Lo que no deja de resultar asombroso es la profundidad con que el

original y potente planteo lacaniano hunde sus raíces en el texto freudiano cuyo

análisis propongo a continuación. Dicho artículo, de una complejidad y una

erudición formidables, deviene -considerado desde la reflexión sobre lo

electivo- un manifiesto fundamental de la ética psicoanalítica.

I. Un manifiesto ético del psicoanálisis: “El motivo de la elección

del cofre”

“Dos escenas de Shakespeare, una divertida y la otra trágica, me han

dado hace poco tiempo ocasión para plantearme un pequeño problema y

resolverlo” (Freud, 1913, p. 307). Así comienza el texto al que le dedicaremos

las próximas páginas. Las escenas a las que Freud se refiere, están extraídas

de El mercader de Venecia y de El Rey Lear, respectivamente.
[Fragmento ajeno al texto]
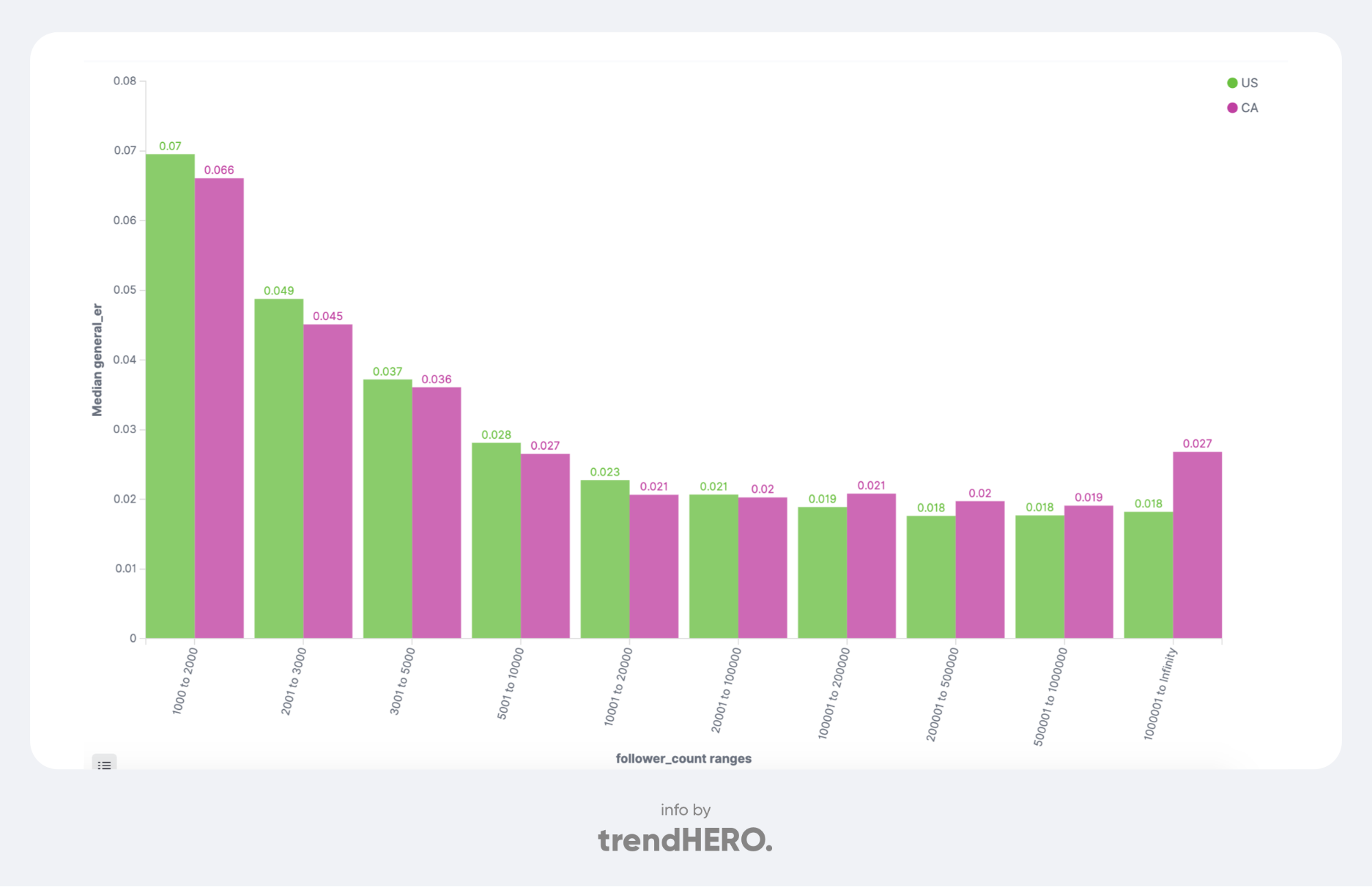 Для этого мы сравнили, что творится с медианой ER в странах, которые условно рядом. Почему не сравнить просто период? Потому что хочется сравнивать похожие данные. Вовлечённость посреди лета и во время предновогоднего безумия отличается. Поэтому или сравнивать месяц к месяцу, или похожие аудитории.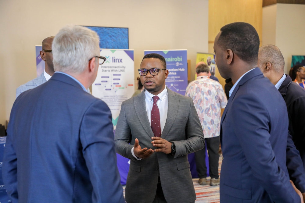 Yves Iradukunda, the Permanent Secretary in the Ministry of ICT and Innovation (centre), interacts with delegates at the African Peering and Interconnection Forum 2022 in Kigali on Wednesday, August 24. Photo: Dan Nsengiyumva.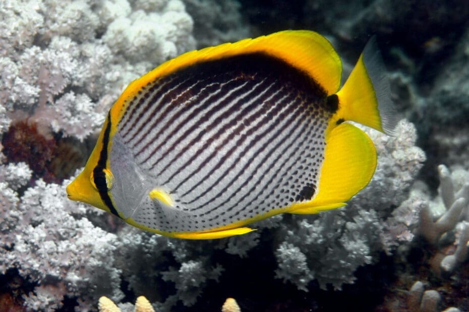The Blackback Butterflyfish features a white body adorned with diagonal black lines and a prominent black patch along its upper back. Its face, belly, and fins are highlighted in yellow, with a distinctive black eye band. A black saddle on the caudal peduncle further distinguishes this species.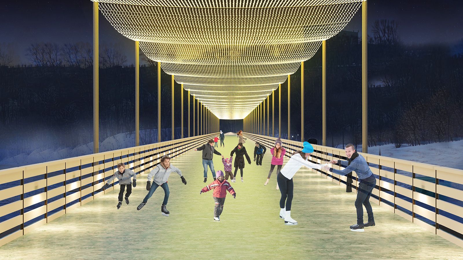 Основание катка полностью подготовлено. Как только поверхность промерзнет, специалисты зальют ее водой. Лед будет намораживаться слоями. Над катком монтируют «звездное небо‘ — это гирлянда из более чем 14 миллионов лампочек. Чтобы ее повесить, необходимо установить около 400 шестиметровых опор. Кроме того, в борта вмонтируют лампы для подсветки льда.

En el primer caso, la escena “alegre”, Porcia es obligada por su padre a

escoger un candidato de entre tres pretendientes. La elección se llevará a cabo

sometiéndolos a estos a escoger uno de entre tres pequeños cofres, siendo la

elección correcta la del cofre que contiene el retrato de la bella princesa. Los

cofres están hechos cada uno de un material distinto: oro, plata y plomo. Un

componente de la escena es el elogio al metal del cofre, que debe ser

enunciado por el elector, resultando de esta situación una dificultad mayor para

quien debiera defender las bondades del plomo. Habiendo elegido oro y plata

los dos primeros, el tercer pretendiente se ve obligado a improvisar su discurso

sobre el plomo, resultando forzado y escaso lo que puede decir. “Si en la

6 Ibíd., p. 362.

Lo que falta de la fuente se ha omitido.